**** Data extract ****

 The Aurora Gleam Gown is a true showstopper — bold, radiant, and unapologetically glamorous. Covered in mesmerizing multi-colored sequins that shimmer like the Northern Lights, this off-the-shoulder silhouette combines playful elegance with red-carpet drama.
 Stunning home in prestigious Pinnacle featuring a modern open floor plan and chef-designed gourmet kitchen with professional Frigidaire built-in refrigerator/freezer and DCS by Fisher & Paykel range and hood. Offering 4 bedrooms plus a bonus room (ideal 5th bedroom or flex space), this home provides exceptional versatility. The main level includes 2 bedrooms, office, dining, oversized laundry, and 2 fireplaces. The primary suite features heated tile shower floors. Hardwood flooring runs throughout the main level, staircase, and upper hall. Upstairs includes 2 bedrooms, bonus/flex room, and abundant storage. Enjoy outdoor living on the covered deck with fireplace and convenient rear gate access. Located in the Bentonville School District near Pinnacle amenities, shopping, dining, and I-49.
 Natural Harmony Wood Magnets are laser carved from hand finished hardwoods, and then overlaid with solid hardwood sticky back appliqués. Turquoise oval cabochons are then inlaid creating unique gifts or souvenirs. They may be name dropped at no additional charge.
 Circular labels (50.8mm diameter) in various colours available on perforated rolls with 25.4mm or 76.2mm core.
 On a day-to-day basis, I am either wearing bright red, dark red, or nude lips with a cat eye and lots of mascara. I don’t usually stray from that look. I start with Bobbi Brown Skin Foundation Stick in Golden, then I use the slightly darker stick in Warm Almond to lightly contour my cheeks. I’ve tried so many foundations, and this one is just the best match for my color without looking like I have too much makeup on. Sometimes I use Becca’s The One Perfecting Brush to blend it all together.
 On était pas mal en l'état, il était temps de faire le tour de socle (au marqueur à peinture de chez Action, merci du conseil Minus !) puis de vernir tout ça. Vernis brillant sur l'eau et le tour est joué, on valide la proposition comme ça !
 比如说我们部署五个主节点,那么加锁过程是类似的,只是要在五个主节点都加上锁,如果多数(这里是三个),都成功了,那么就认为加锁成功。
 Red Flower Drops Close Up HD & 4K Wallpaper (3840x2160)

****
**** Data extract ****

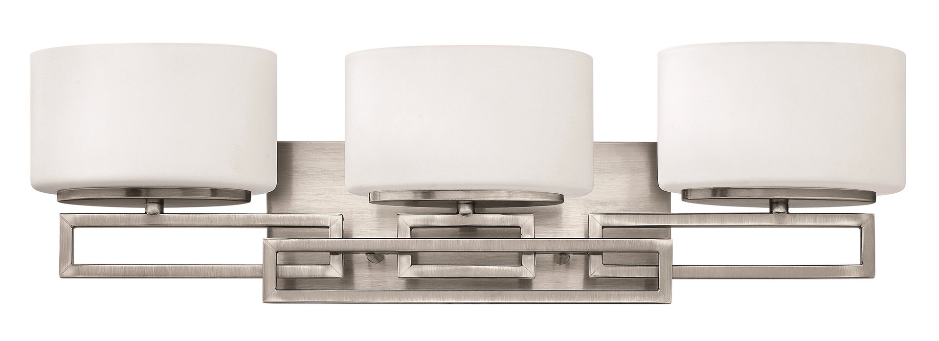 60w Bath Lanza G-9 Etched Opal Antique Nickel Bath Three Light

****
**** Data extract ****

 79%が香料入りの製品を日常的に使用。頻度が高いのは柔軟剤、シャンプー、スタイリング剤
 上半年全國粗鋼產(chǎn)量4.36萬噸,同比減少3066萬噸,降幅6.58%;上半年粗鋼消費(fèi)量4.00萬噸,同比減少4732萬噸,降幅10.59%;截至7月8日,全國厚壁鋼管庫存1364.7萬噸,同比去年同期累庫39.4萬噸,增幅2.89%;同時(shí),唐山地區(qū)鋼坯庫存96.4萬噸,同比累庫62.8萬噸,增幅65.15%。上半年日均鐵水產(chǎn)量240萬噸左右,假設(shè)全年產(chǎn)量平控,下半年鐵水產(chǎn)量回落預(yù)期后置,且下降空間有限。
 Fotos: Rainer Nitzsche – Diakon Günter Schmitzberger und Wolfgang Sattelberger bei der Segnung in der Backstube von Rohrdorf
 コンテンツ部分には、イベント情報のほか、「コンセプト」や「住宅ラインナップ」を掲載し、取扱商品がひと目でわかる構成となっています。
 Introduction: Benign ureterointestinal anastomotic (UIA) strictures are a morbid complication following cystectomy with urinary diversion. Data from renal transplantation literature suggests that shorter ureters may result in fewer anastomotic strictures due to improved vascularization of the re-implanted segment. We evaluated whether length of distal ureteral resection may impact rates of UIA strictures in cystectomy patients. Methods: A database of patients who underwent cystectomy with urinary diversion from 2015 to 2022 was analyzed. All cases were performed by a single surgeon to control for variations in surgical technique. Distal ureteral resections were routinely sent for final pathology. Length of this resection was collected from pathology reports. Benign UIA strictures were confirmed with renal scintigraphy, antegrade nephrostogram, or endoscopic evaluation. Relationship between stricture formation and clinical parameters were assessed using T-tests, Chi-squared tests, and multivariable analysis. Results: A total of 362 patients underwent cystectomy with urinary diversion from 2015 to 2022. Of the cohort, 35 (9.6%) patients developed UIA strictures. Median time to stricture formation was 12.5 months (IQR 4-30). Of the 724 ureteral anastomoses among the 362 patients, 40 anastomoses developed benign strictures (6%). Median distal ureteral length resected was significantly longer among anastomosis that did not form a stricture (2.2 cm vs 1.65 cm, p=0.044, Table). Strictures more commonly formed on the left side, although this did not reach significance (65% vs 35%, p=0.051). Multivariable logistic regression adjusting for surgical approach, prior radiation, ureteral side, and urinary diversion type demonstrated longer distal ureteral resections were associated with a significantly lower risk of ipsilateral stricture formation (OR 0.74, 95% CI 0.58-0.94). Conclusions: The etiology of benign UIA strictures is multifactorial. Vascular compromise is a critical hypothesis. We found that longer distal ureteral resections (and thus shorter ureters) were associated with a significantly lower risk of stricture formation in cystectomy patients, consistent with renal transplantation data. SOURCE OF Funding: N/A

****

→ **What is being asked**
Copy, exactly and only, the lines above that begin with the one containing "Fotos: Rainer Nitzsche" and finish with the one containing "コンテンツ部分には、イベント".

→ **Answer below**
 Fotos: Rainer Nitzsche – Diakon Günter Schmitzberger und Wolfgang Sattelberger bei der Segnung in der Backstube von Rohrdorf
 コンテンツ部分には、イベント情報のほか、「コンセプト」や「住宅ラインナップ」を掲載し、取扱商品がひと目でわかる構成となっています。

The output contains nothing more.